Wewnątrz Wro, zmieniam dzielnię. Koniec z pociągami, Zaraza spada na Wro.
Moja ostatnia przeprowadzka była o zaledwie 2 ulice dalej, ale czasem mała odległość nie ma znaczenia lub wręcz (przez wrażenie bliskości) utrudnia. Jak się przeprowadzałam daleko, wzięłam duży samochód albo przyczepę i zapakowałam się na raz, przy okazji robiąc dokładny przegląd gratów i pozbywając się "przydasi". Tym razem wszystko przewożone było zwykłą osobówką na raty, popakowane byle jak i oczywiście zabrakło mi czasu na dokładny przegląd. W efekcie miałam wrażenie, że wywożę te rzeczy i wywożę, a końca nie widać, ostatnia partia wyjechała kilkanaście minut przed zdaniem kluczy...
Kanonu - powodzenia! I sił, i planu, i w ogóle! :)
Widzący - baw się dobrze na wewsi, z laptokiem czy bez.
Wzajemnie Meg ! Wszystkiego dobrego i zdrowa bądź i szczęśliwa ! :)
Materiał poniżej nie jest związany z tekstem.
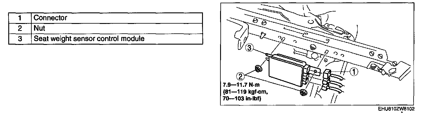 SEAT WEIGHT SENSOR CONTROL MODULE REMOVAL/INSTALLATION

Godziny poranne, przywitały mieszczan zapowiedzią temperaturowych rekordów. Idzie piec.
Byle do fajrantu.
Piątek z przytupem.
Na szczęście już fajrant i żaden brexit mi nie straszny.
https://www.youtube.com/watch?v=fX_rpjz2o5w
Człowiek obrasta w przedmioty. Dopóki nie musi ich przewozić, nie ma świadomości ich posiadania.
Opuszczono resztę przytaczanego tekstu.